The black squares represent the average of the pairwise mean rates for each scenario and the rectangle represents the confidence limit defined by one time the standard deviation of the mean rates. The black horizontal line shows the upper limit of the neutral expectation range (0.01). A) Results for the 24 variables set. B) Results for the 19 variables set.
Table 1 presents the Mantel test results for the two variable sets. All correlations between geographic and morphological distances were highly significant. Although Mantel correlation tests considering D2 matrices tend to underestimate the permutation p-values , the very low p-values associated to our analyses favor the interpretation of significant correlation between the matrices. However, the correlation coefficients varied widely, indicating very different levels of support for each of the three models. As expected, the control model (linear distances) showed the lowest correlation coefficient. Furthermore, the removal of variables not associated with population history strengthened the correlations between geographic and morphological distances considerably, especially for Model 3 (bipartite Asian origin). By far the highest correlation coefficient obtained in both runs was for this model.
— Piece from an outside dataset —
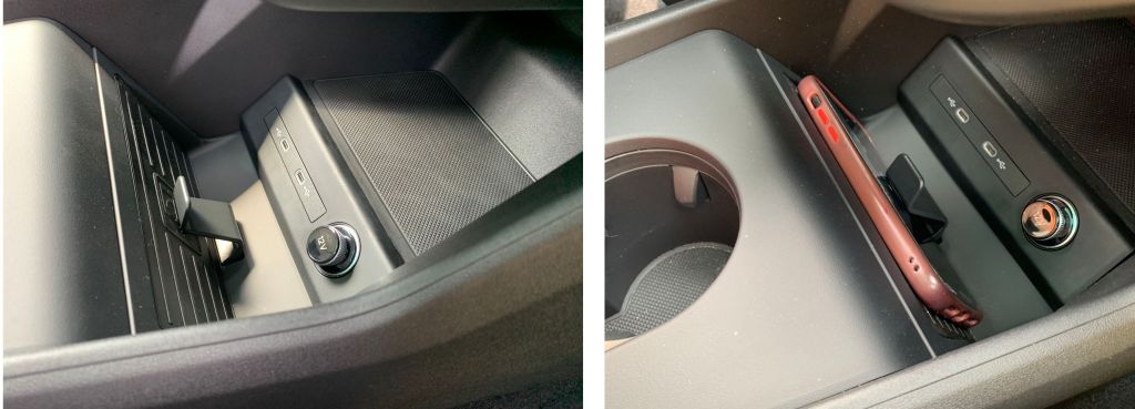 À l’intérieur de la console, on retrouve une recharge cellulaire positionnée à la verticale. Le téléphone étant retenu par une pince. Très pratique pour maximiser l’espace disponible. On y retrouve également 2 prises USB-C et une prise 12V.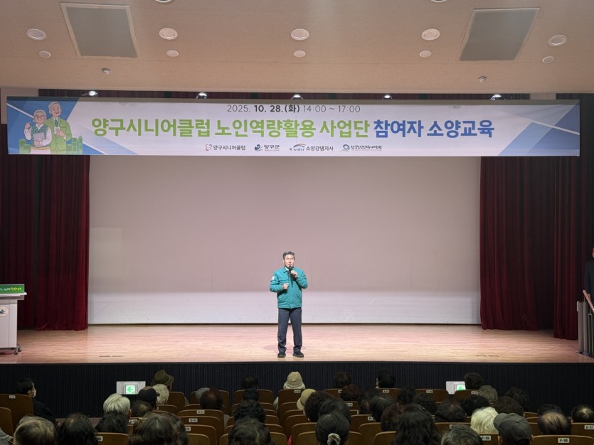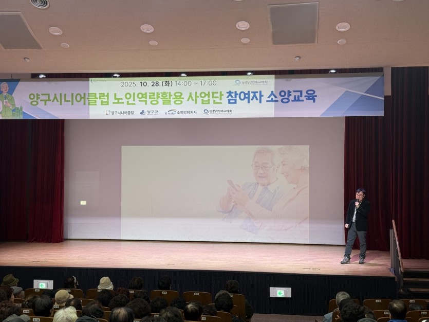 노인역량활용 사업단(뽀송이빨래방, 실버활동도우미, 시니어금융업무지원, 청춘서포터즈, 기타시설지원, 안전순찰단(읍), 안전순찰단(면), 파크골프러닝메이트, 장난감도서관, 커피박새활용) 참여자 소양교육이 28일 오후 양구문화복지센터 공연장에서 진행되었다. 이번 교육은 한국노인인력개발원 소속 여상원 강사의 개인정보 보호, 스마트폰 사진 촬영 교육과 자체 보이스피싱 예방 교육으로 이루어졌으며 현장에서 발생할 수 있는 사고를 사전 예방하고 지역사회 일자리 활동에 필요한 기본 소양을 함양하기 위해 마련됐다.

In order to test if Model 3 presents a better fit to the morphological distances than the other three models, Dow-Cheverud tests  were applied. Table 2 presents the results of these tests, comparing Model 3 against the other two models. As can be observed, when all 24 variables are taken into account, the bipartite origin of Native Americans cannot be considered a better prediction of the Mahalanobis distances than the other models (i.e. correlations are not significant, although approaching significance). However, when the same test is applied on the set of variables not correlated to climate adaptation, the bipartite origin is clearly a stronger scenario than the control and one-migration models, now showing significant correlations.
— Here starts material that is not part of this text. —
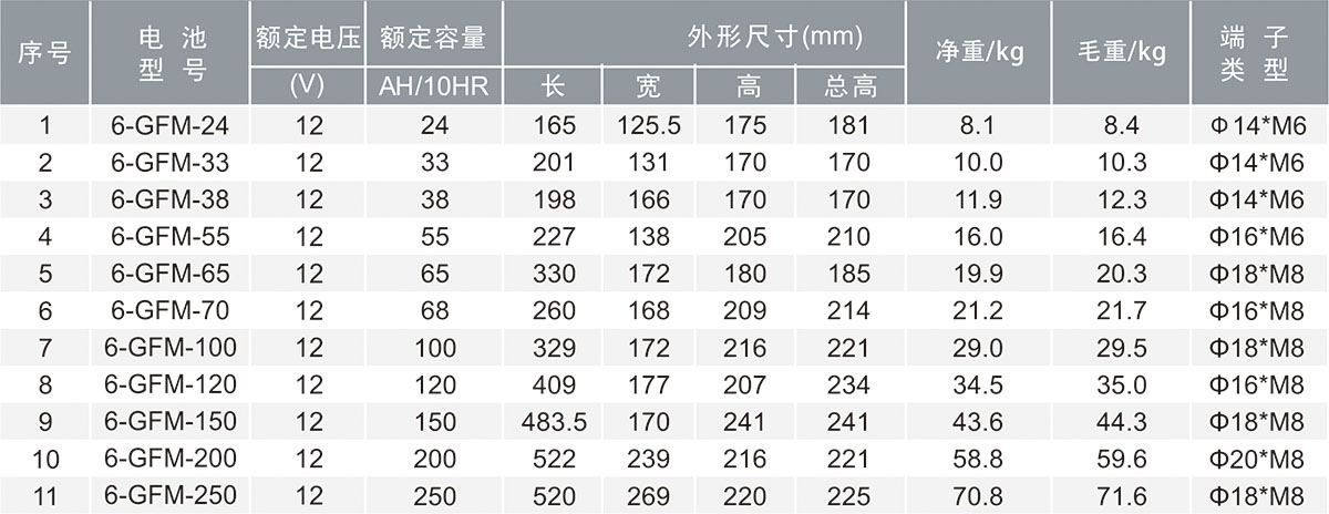 產品系列:容量范圍:33AH-250AH 電壓等級:12v

Our results confirm previous observations of large morphological differences between Paleoamericans and Amerindians. They demonstrate that both chronological and geographical models assuming independent origins for these two populations via Beringia fit these morphological differences considerably better than the alternative models. Under the assumption that morphological differentiation among modern humans during the Final Pleistocene and the Holocene was mainly a result of neutral microevolutionary processes –, the observed rates of morphological differentiation favor the idea that Early and Late American samples included in this study shared a last common ancestor outside the New World. At the same time, the geographic bipartite model resulted in a generally better fit to the morphological distances among groups. Removal of measurements under selection did not change the pattern of correlation, and in fact strengthened the bipartite model differentially over the other models. Indeed, differences in the obtained r values were significant when the models were compared using the Dow-Cheverud test, when selection was accounted for. However, the removal of variables did not change the results for the mean rates of morphological differentiation between the populations, as would be expected if diversifying selection were responsible for a disproportional increase in the between-group variance among the series.
Our results do not support the hypothesis that the morphological differences between Early and Late American groups are a result of in-situ neutral evolution. Rather they fit better a two wave dispersal model for the settlement of the New World. Our findings are at odds with the majority of molecular evidence on Native American origins – (although they agree with a recent study of rare mitochondrial haplogroups  which also favors two origins for Early Americans associated with distinct crossings from northeast Asia within a short period of time [17–15 kyr BP]) .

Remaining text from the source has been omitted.